Today is my “day off” at the Group Home. I don’t have any chores today. Yet 2 weeks ago I did the dishes. Why? Because the guy who is supposed to do it never does his chores and by the time the dishwasher was ready to be unloaded I was too bored to not do it. At first I liked the idea of a day off. But when I started getting more energy after losing some weight I began to feel differently. Last week another guy beat me to the chore. It seems even though he had a chore that day he likes to feel as productive as possible. Oh well there’s other parts of the chore. Like cleaning the tables. It’s less desirable but I may force myself to do it today.
The guy whose job is supposed to be is in terrible shape even though he is the fastest guy here. He smokes and drinks caffeine excessively and he is a miserable wretch. He probably is also very physically sick from a life of excess. I was physically very sick and weak myself from excessive sugar consumption and the diabetes that played along with it to hurt me badly but I am recovering. We all have addictions here and sugar was mine. As it is I eat artificial sugar and it plays Hell with my digestion. Even though I don’t smoke, drink, or take hard drugs I take the most meds here. Addiction and mental illness seem to go hand and hand.

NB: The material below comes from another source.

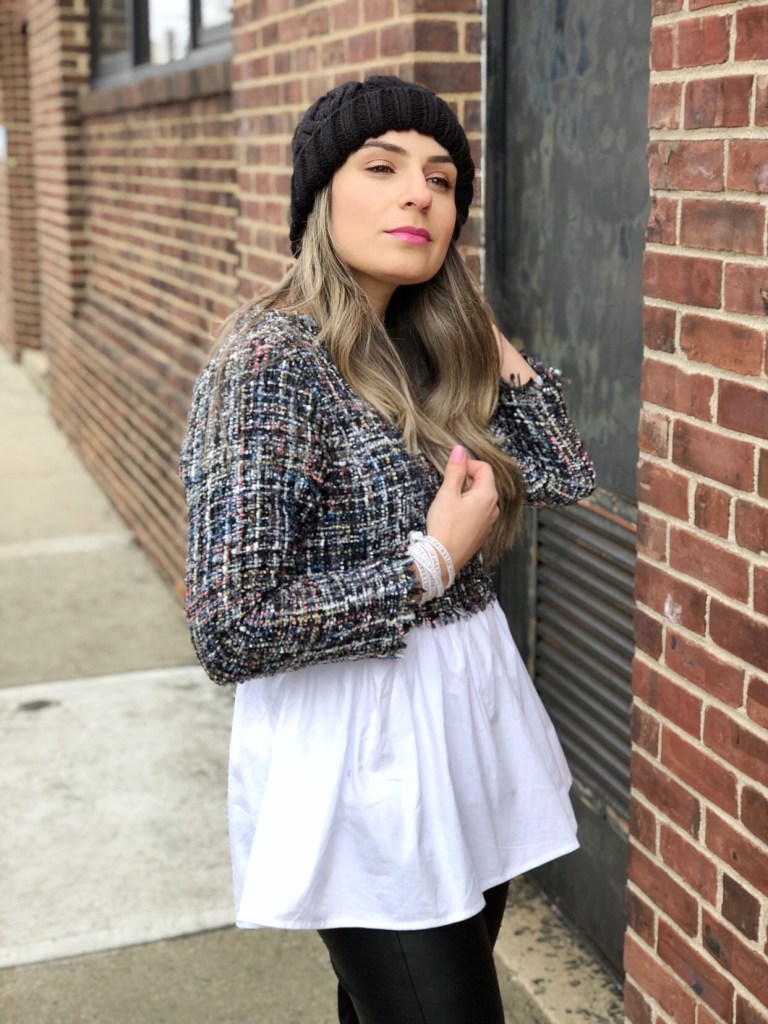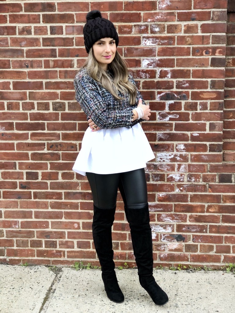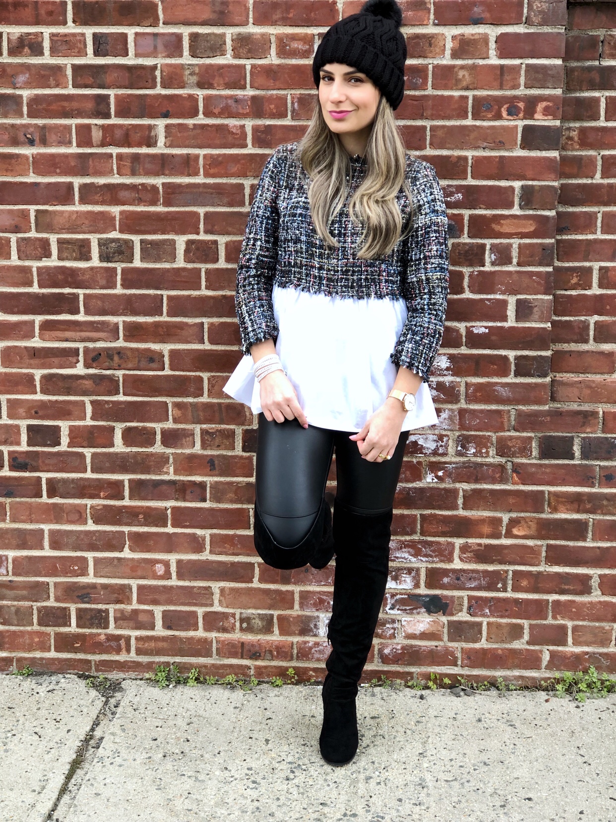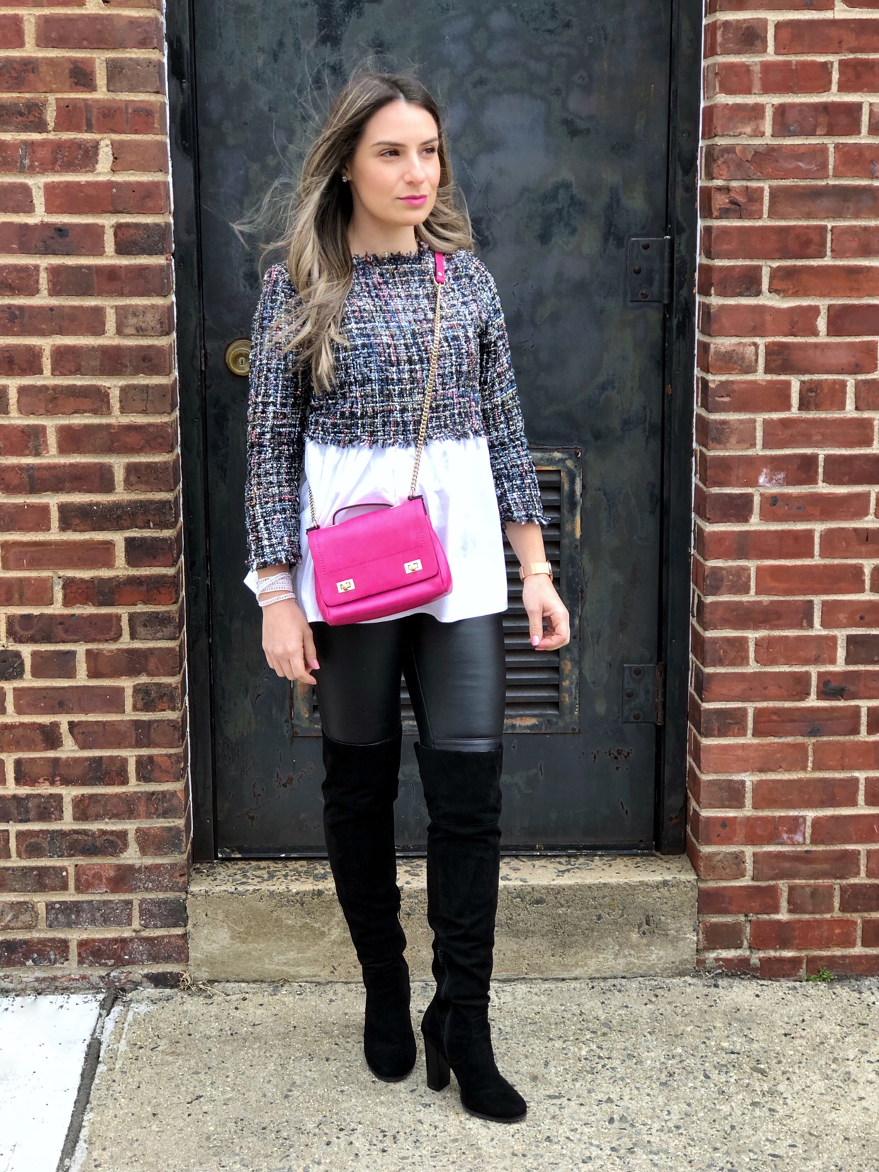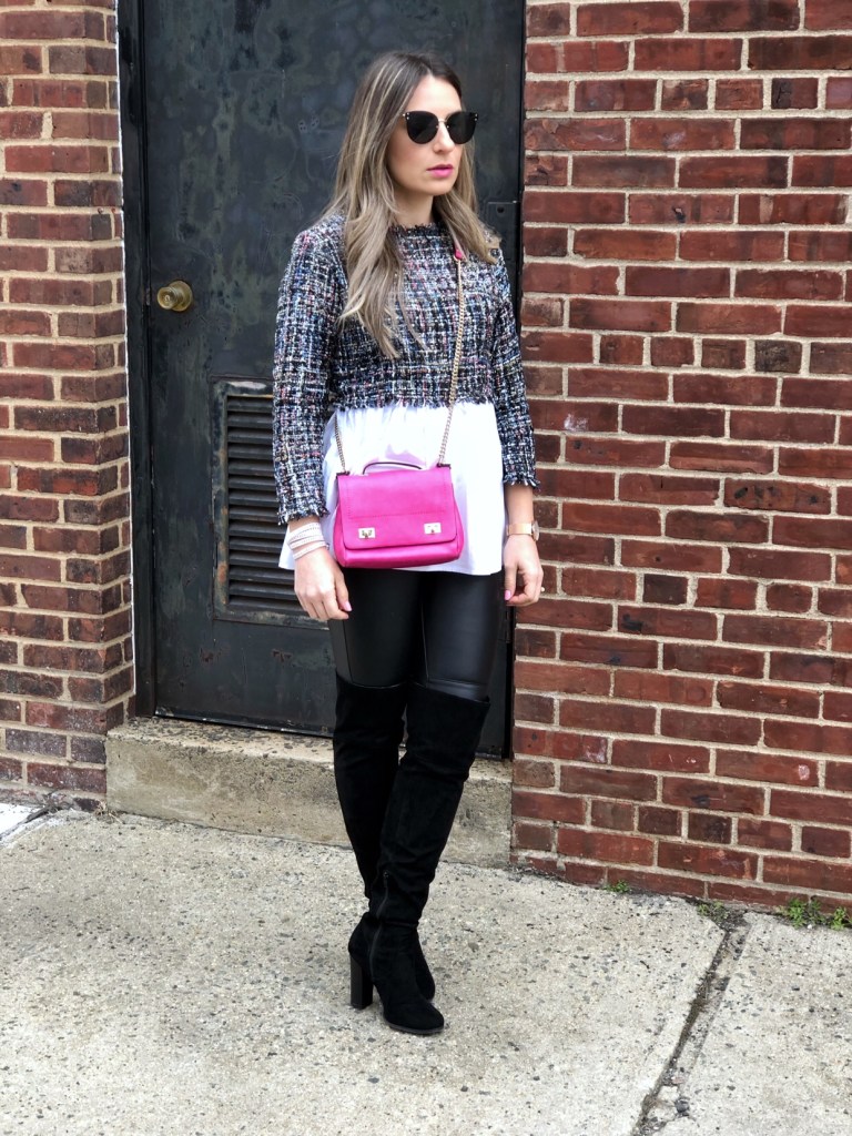 How was your weekend? Are you ready to face Monday yet haha? We had a relax weekend and even though Spring arived last week it is still very cold around here. I wanted to share today’s outfit with you guys. I got this really cute 2 in 1 Tweed babydoll blouse from Shein and paired it with leather pants and over the knee boots. The pink crossbag added some color to the outfit.

We had a chance to ask the management yesterday for something for Christmas. I at first asked for winter gear but then another guy started asking for a nerf football. And then I asked for a soccer ball and a volley ball and we dreamed of getting back in shape. He said we could take a break every 15 minutes in this Spring daydream. Then he thought of something really radical. How about teddy bears? I then thought of how cool that actually was. There was something to hold on to at night in a World that actually was well lonely. Maybe I’m human after all.